»»
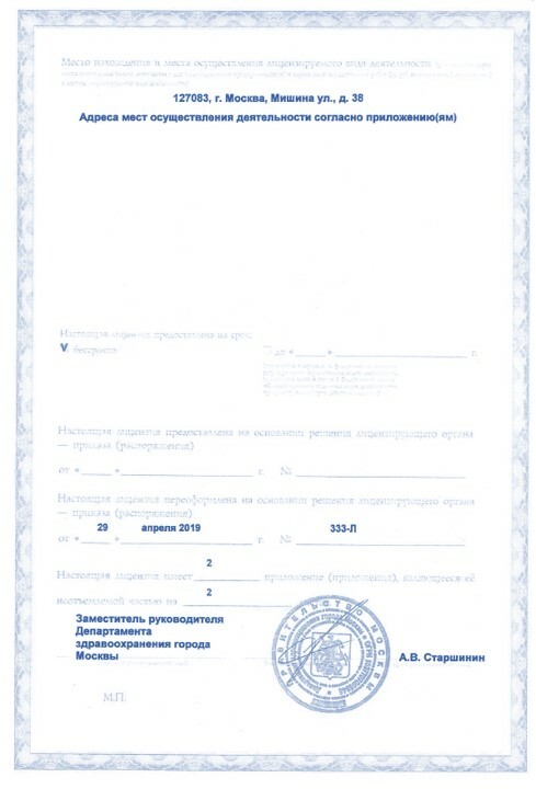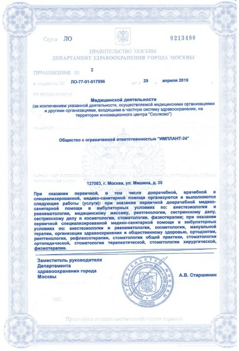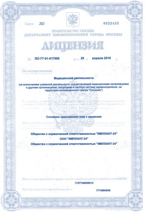 Лицензия № ЛО-77-01-017996 от 29 апреля 2019 года. Лицензия выдана Департаментом здравоохранения г. Москвы. Деятельность осуществляет Общество с ограниченной ответственностью ООО "Имплант-24"
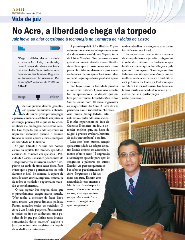 Com o título “No Acre, a liberdade chega via torpedo”, o jornal AMB Informa (edição de junho de 2010), publicação mensal da Associação dos Magistrados Brasileiros, destaca a experiência do Juiz de Direito Edinaldo Muniz, titular da Comarca de Plácido de Castro, ao aliar celeridade à tecnologia.
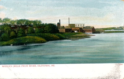 WOOLEN MILLS FROM RIVER, OLDTOWN, ME. MAINE. FACTORIES/MILLS. SMOKESTACKS. UDB.
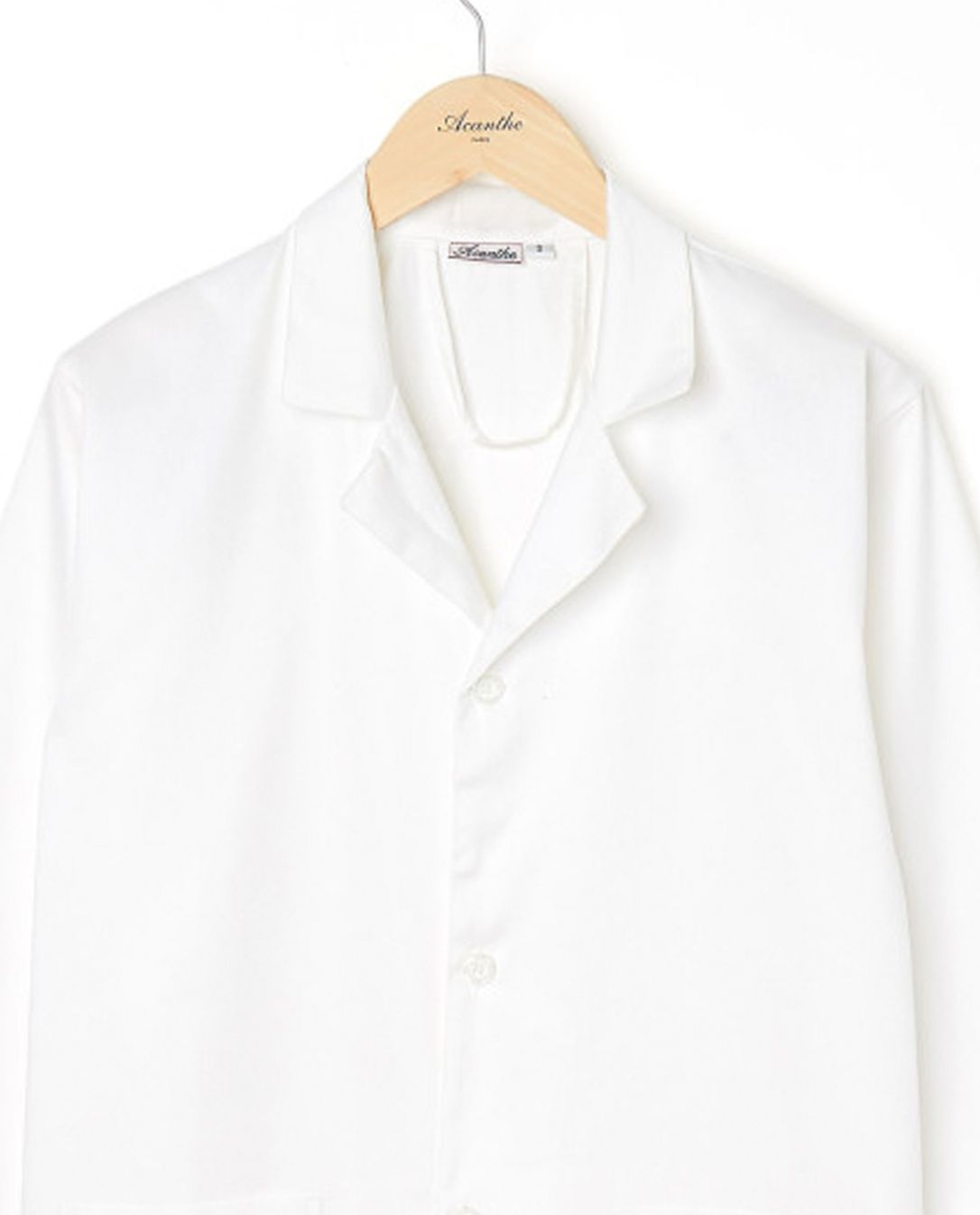Blouse mixte col tailleur, 2 poches plaquees, boutonnage milieu devant.
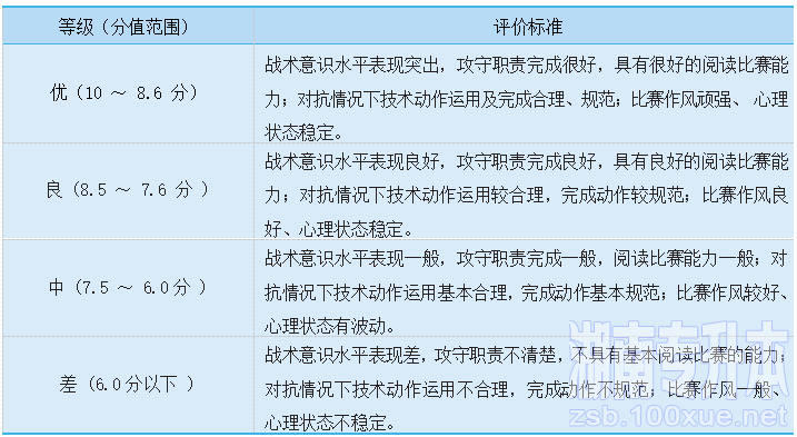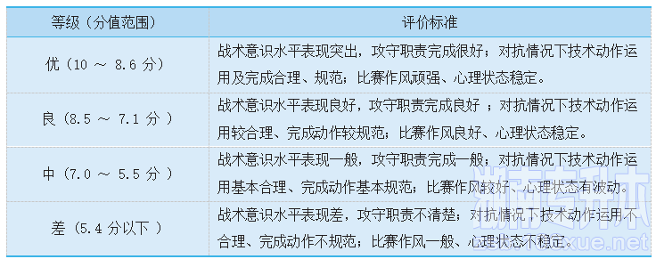 2. 评分标准 :考评员参照实战能力评分细则(表7),独立对考生的技术能力、战术能力、心理素质以及比赛作风等方面行综合评定。采用10分制评分,分数至多可到小数点后1位。
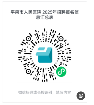 1.填寫提交紙質(zhì)版《平果市人民醫(yī)院2025年度公開招聘專業(yè)技術(shù)人員報名表》(附件3),并掃描下方二維碼填寫報名信息。
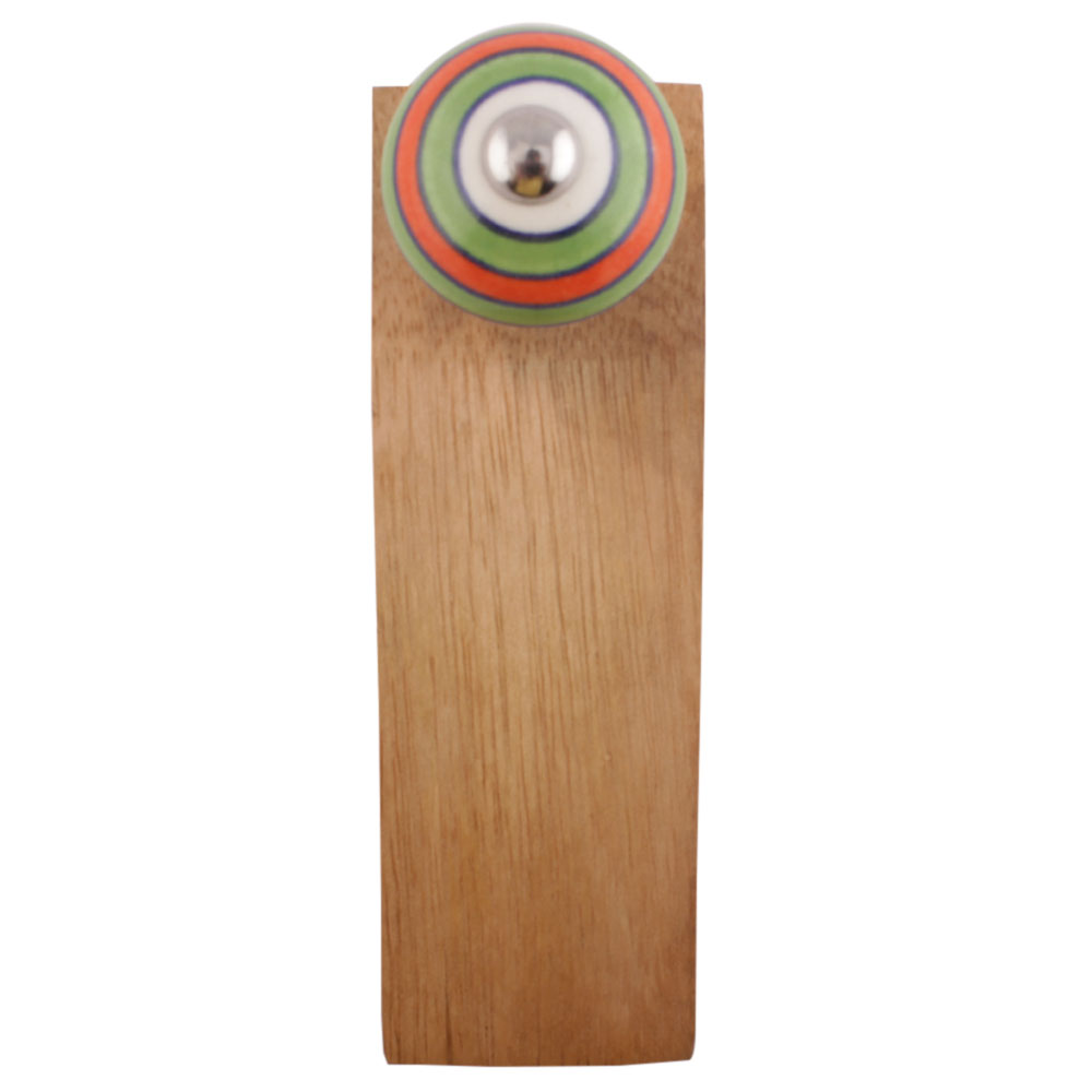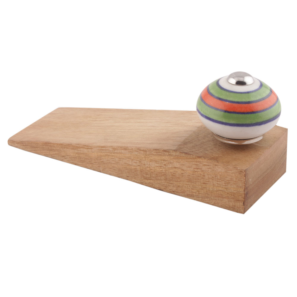 Handmade Ceramic and Wooden Door Stopper.Wooden Door Stopper with a Ceramic Knob to Carry it Easily. This Wooden Door Stopper has Glue Dots under it to Ensure that it does not Slip. It is Handmade by the Craftsmen of India and this Innovative Door Stopper won't Disappoint You.
««
--- EXERCISE INSTRUCTIONS ---
Everything from the line containing "1.填寫提交紙質(zhì)版" through the final line of the material must be set down exactly, except the pictures.

--- EXERCISE RESPONSE ---
 1.填寫提交紙質(zhì)版《平果市人民醫(yī)院2025年度公開招聘專業(yè)技術(shù)人員報名表》(附件3),并掃描下方二維碼填寫報名信息。
 Handmade Ceramic and Wooden Door Stopper.Wooden Door Stopper with a Ceramic Knob to Carry it Easily. This Wooden Door Stopper has Glue Dots under it to Ensure that it does not Slip. It is Handmade by the Craftsmen of India and this Innovative Door Stopper won't Disappoint You.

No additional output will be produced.